What is one of your goals as a commissioner this year? And a goal of the county?

One is obvious, we have to revisit the storm management system. They were over capacity.

Some weirs breached, went over the top. There are some areas, like the Imperial River, where not just these events but anytime it rains or there's kind of a flood, some places are under water.

I talked to the Governor, FEMA, there are federal dollars available through the state to just buy those properties so we don't run into this again.

What it did do was it demonstrated where it could be more efficient or where it didn't work at all or where it worked very well. We need to make plans and investments to prevent from happening.

We made the Edison Farms purchase, now we have to put together a master plan, take out exotics, and restore the natural waterflows, develop the recreation component, water quality components. That will be expensive, but exciting.

Last year your plan was to do a community visioning session with San Carlos Island. What's the status with that?

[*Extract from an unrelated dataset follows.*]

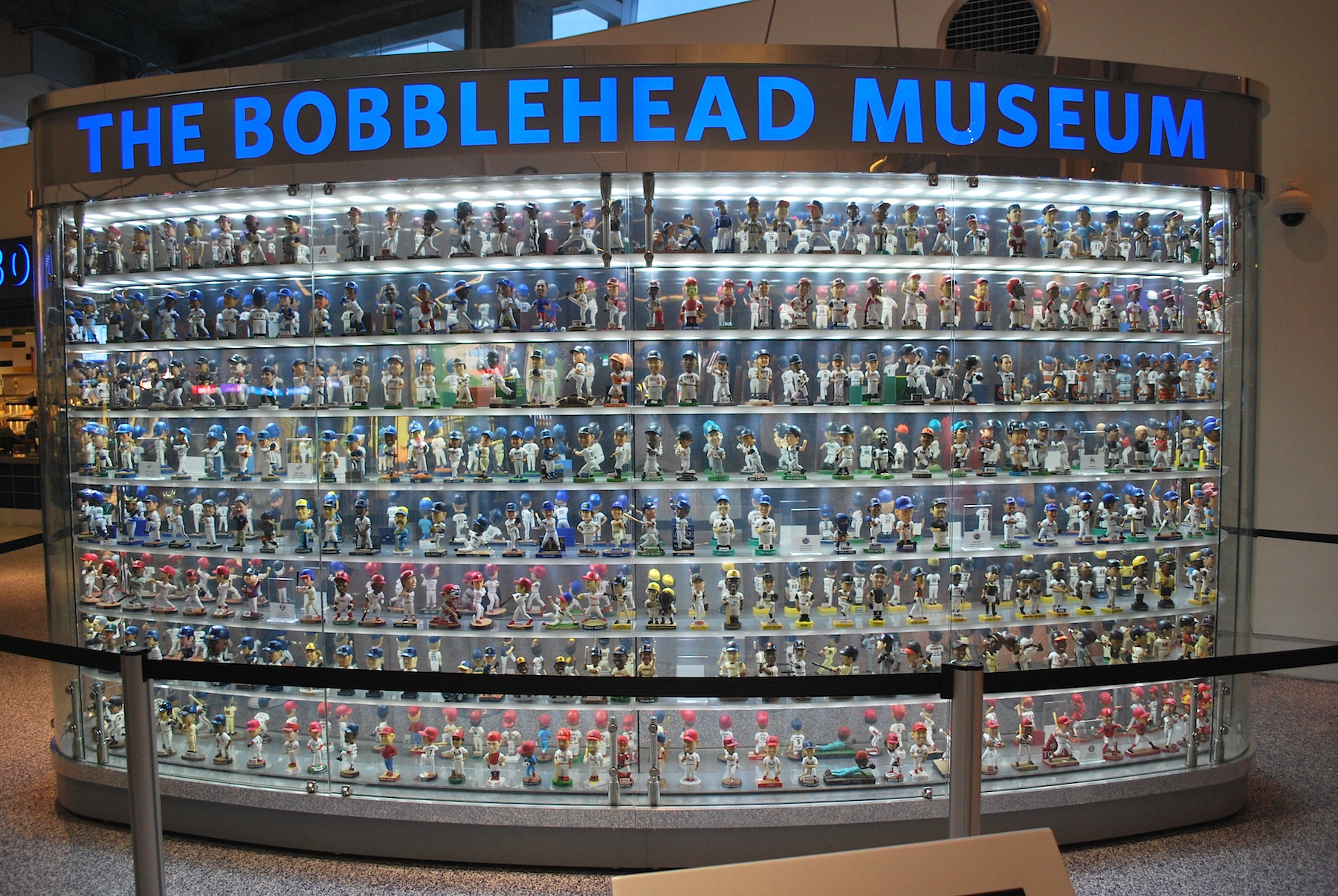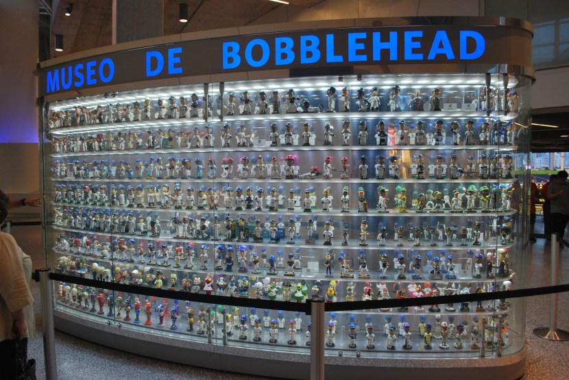 I got my ticket from will call at 6:10 and went inside. They have a “Bobblehead Museum” on the main concourse of the stadium. I put it in quotations because it’s really just a giant collection, and I mean GIANT. They have so many that they can’t hold them all in the two-sided display structure and they periodically switch them out. If you look closely at the first picture you can see a couple of the racing sausage bobbles on the second row in the bottom left (the pole covers them up a bit). The bobbleheads are all on shelves that shift every so often so that the bobbles actually bobble. Well done, Marlins, well done.

The board has been really involved in incentivizing jobs. There's been some gross mistakes, like VR Labs. Some not so successful, and some successful, like Hertz. Instead of spending money to get jobs, we're looking at what can we invest in the community that would lead to companies wanting to invest there? That's what we're going to start focusing on. San Carlos Island, North Fort Myers, and any of the municipalities that invite us in, we'll work with them. In Fort Myers Beach, we're spending $80 million in infrastructure. I think that will help the local economy. In Bonita Springs, we're putting in a new library and the whole idea there is, you need four anchors in a community. It's a library, a superstore and two others, and having those induces growth. In North Fort Myers, there are a lot of abandoned buildings, so we're looking at where to invest there. It's different in every community, but it's contingent on people coming to use with ideas.

San Carlos Island will be the first to get a formalized visioning session. Even if it's been done before, it's time to do it again. I imagine we'll start this year.

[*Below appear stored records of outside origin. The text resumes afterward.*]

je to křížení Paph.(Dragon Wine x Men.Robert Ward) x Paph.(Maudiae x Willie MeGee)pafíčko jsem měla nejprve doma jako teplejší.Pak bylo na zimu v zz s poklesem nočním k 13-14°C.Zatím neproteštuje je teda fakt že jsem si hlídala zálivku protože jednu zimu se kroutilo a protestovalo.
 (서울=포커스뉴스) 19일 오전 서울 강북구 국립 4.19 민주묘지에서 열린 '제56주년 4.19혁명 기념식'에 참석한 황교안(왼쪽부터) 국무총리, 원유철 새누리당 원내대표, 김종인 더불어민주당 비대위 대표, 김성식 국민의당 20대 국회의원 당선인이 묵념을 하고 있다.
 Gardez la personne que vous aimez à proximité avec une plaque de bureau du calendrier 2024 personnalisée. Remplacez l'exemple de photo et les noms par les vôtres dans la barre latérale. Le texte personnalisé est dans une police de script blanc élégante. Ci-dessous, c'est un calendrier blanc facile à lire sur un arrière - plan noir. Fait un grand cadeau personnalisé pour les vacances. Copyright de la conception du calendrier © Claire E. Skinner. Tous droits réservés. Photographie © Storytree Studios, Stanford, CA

Water quality talks have died down, but after Hurricane Irma the Army Corps released water into the Caloosahatchee from Lake Okeechobee. What's being done on that front?

Last year water quality was a big subject because of the way the releases were done. I think this exemplifies that we've concentrated our efforts on water quality not only when it was the thing to talk about, but we've been doing it for years before and we're continuing to look at water quality. It's always been a high priority, it was last year, it is this year, and it will be next year. I think it was an over-exercised, unfortunate event that became a political tool. People should feel comfortable that we're always had that as one of our priorities. That Edison Farms, that's a big deal. Another policy this board has been following, and this ties back into the DRGR* and different pieces of it, the new developers that are coming in, we're working with them to put large amounts of the property that they own and intend to develop into conservation, which means they pay for the property and they pay for the improvements. It's in perpetuity. It's not uncommon for large developments, 2,000 acres, to put 50 to 60 percent into conservation. I'm really proud we're able to work with them in that vein. We do allow extra density, but what we get back is huge. That's what's key, we're restoring the water flow.

*Editor's Note: DRGR, or Density Reduction/Groundwater Resource is an area of more than 80,000 acres east of the Southwest Florida International Airport and south of State Road 82 made up of wetlands, agricultural lands and limerock mines and is a part of the watershed. It was set aside for low density and groundwater protection, but it's been controversial as the county has approved housing developments within its boundaries.